Anyone who has started a business has their own rules and guidelines. Here are my top 12, based on my experiences with entrepreneurs.
1. Be passionate
Don’t start a company unless it’s an obsession and something you love.
2. Be in the business
If you have an exit strategy, it’s not an obsession.
3. Look for passion in others
Hire people who you think will love working there.
4. Sales cure all
Know how your company will make money and how you will make sales.
5. Know yourself
Know your core competencies and focus on being great at them. Pay up for people in your core competencies. Get the best. Outside the core competencies, hire people who fit your culture but cost less.
6. Maximise time
An espresso machine? Are you kidding me? Coffee is for closers. Sodas are free. Lunch is a chance to get out of the office and talk. There are 24 hours in a day, and if people like their jobs, they will find ways to use as much of it as possible to do their jobs.
7. No offices
Open offices keep everyone in tune with what is going on and keep the energy up. There is nothing private in a start-up. This is also a good way to avoid hiring executives who cannot operate successfully in a start-up.

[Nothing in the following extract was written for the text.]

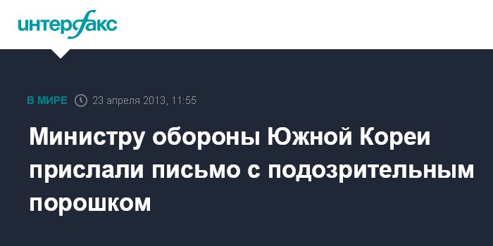 Сеул. 23 апреля. INTERFAX.RU - На имя главы оборонного ведомства Южной Кореи Ким Гван Чжина было отправлено письмо с угрозами, в котором вдобавок содержался белый порошок, сообщили во вторник представители южнокорейских властей.

If a person demands to fly first class or to bring over a personal secretary, run away. If they won’t go on sales calls, run away. They are empire builders and will pollute your company.
8. Use what you know
Start with technology you know. That is always the least expensive way. If you know Apple, use it. If you know Vista, ask yourself why, then use it. It’s a start-up so there are just a few employees. Let people use what they know.

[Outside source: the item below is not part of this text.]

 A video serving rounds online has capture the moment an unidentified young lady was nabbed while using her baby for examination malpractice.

9. Keep the organisation flat
If you have managers reporting to managers in a start-up, you will fail. Beyond a start-up, if you have managers reporting to managers, you will create politics.
10. Never buy swag
A sure sign of failure for a start-up is when someone sends me logo-embroidered polo shirts. If your people are at shows and in public, it’s okay to buy for your own employees, but if you really think people are going to wear your branded polo when they’re out and about, you are mistaken and have no idea how to spend your money.
11. Never hire a PR firm
A public relations firm will call or email people in the publications you already read, on the shows you already watch and at the websites you already surf. Those people publish their emails. Whenever you consume any information related to your field, get the email of the person publishing it and send them a message introducing yourself and the company. They will welcome hearing from the founder. Once you establish communication with that person, make yourself available to answer their questions about the industry and be a source for them. If you are smart, they will use you.
12. Make the job fun
Keep a pulse on the stress levels and accomplishments of your people and reward them. At my first company, MicroSolutions, when we had a record sales month, or someone did something special, I would walk around handing out $100 bills to sales people. At Broadcast.com and MicroSolutions, we had a company shooter. The Kamikaze. We would take people to a bar every now and then and buy one or ten for everyone. At MicroSolutions, more often than not we had vendors cover the tab. Vendors always love a good party.